Delayed generalization in neural networks where models suddenly learn true structure after overfitting.
Grokking is a phenomenon observed in machine learning where a neural network first memorizes training data — achieving near-perfect training accuracy while failing to generalize — and then, after extended training well past this memorization phase, undergoes a sudden transition to genuine generalization on held-out data. The term borrows from Robert Heinlein's 1961 coinage meaning deep intuitive understanding, but in modern ML research it refers specifically to this delayed, phase-transition-like leap from rote memorization to structural comprehension.
The phenomenon was formally documented and named in a 2022 paper by Power et al. at OpenAI, who observed it while training small transformers on modular arithmetic tasks. Models would plateau at chance-level validation accuracy for thousands of steps after reaching 100% training accuracy, then abruptly generalize — sometimes after training for ten to one hundred times longer than the point of memorization. This sharp transition resembles a phase change rather than gradual improvement, making it both striking and theoretically significant.

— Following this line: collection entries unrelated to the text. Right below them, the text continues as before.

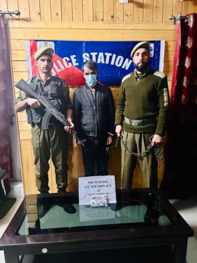 A Police party of Police Station Baramulla headed by SHO PS Uri at a checkpoint established at Garkote-MachikrandCrossing Uri, intercepted one person who was identified as Shabir Ahmad Janjua son of Abdul Majeed resident of Machikrand Uri. During search 36 grams of contraband Charas like substances was recovered from his possession. He has been arrested.
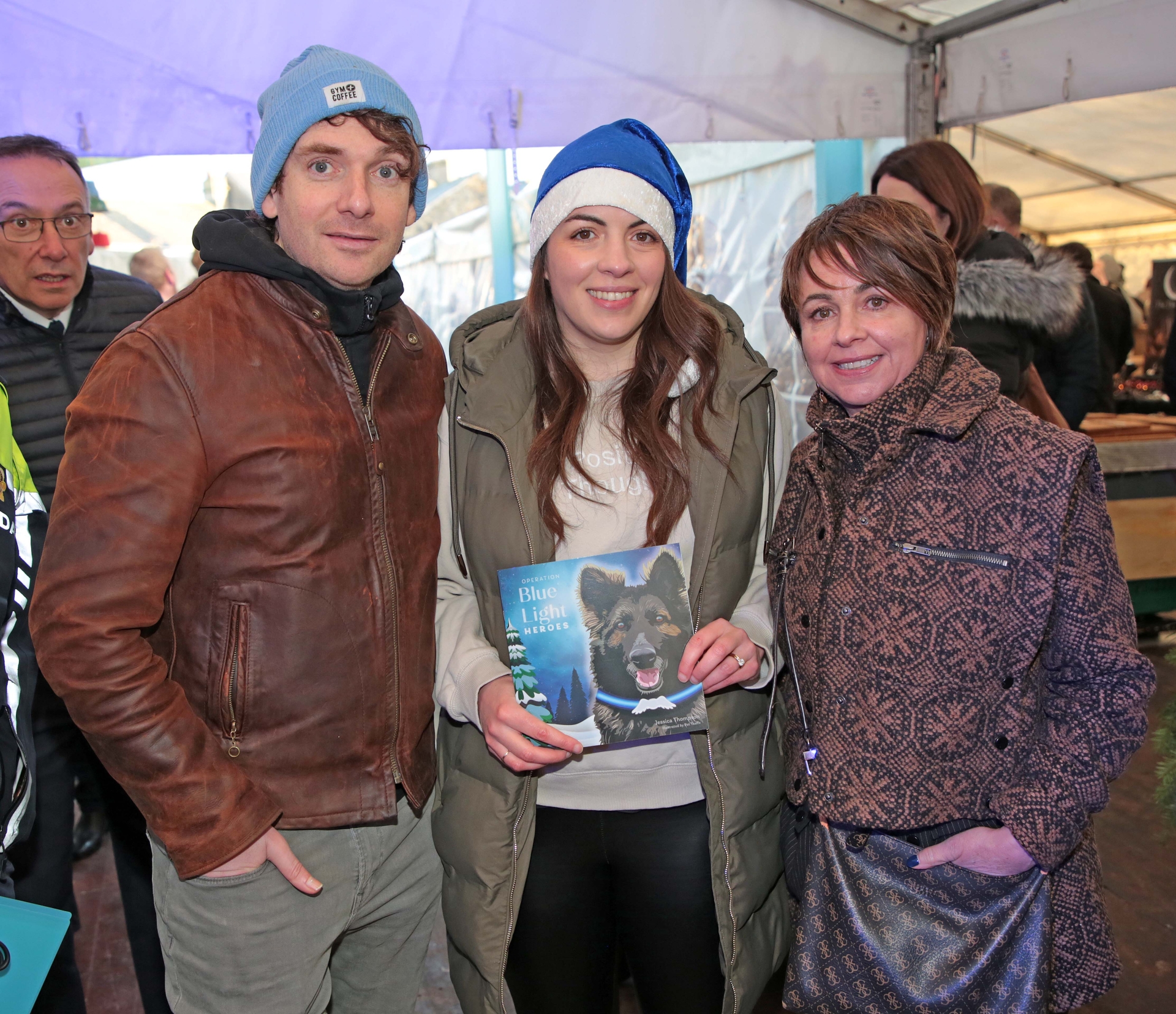 Caption: At Jolly Boys Christmas Market in Ballymahon last Saturday, December 2 for the launch of the 2023 Operation Blue Light Santa book, Operation Blue Light Heroes were author Jessica Thompson (centre) with John Mulry and Laura Thompson Picture: Shelley Corcoran
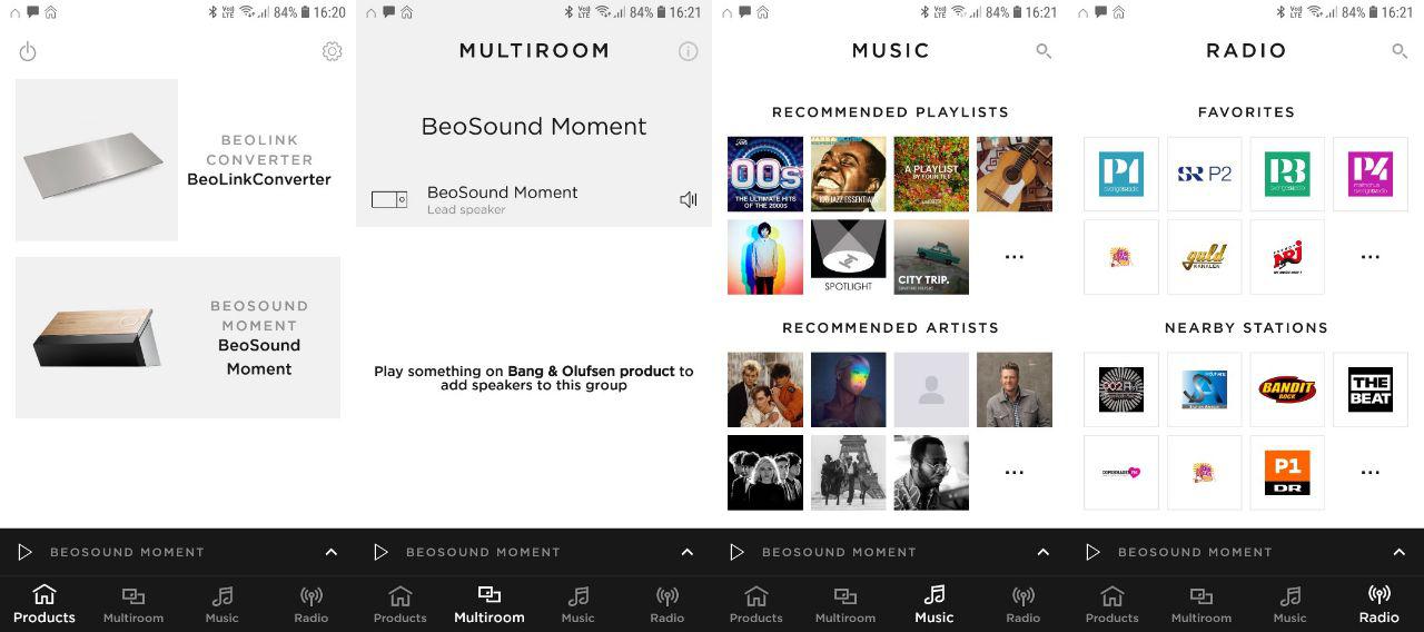 As mbolo01 indicates that my above screen shoots was primary to show case the app for you but it's populated with Deezer content. Firstly, do ensure that you add the the Moment as product to the B&O app so you can control it in a far better way; just ensure that the phone and Moment are using the same WiFi network (meaning the same SSID). Once that done you then have to provide your credentials to TuneIn, Deezer and add the DLNA-source.

Understanding grokking matters because it challenges conventional assumptions about early stopping and overfitting. Standard practice treats a large gap between training and validation performance as a signal to halt training, yet grokking demonstrates that continued optimization can eventually force a model to discover more compact, generalizable representations rather than persist with memorized lookup tables. Researchers have linked the phenomenon to weight norm dynamics and implicit regularization — as training continues, weight decay or other regularization pressures favor simpler solutions that happen to generalize.
Grokking has broader implications for interpretability and our understanding of how neural networks represent knowledge internally. It suggests that generalization and memorization are not simply competing outcomes determined at initialization, but dynamic states a model can transition between. This has spurred investigation into what internal representations look like before and after the grokking transition, with some work showing that interpretable, structured algorithms emerge in the weights only after generalization occurs — offering a rare window into mechanistic interpretability of learned computation.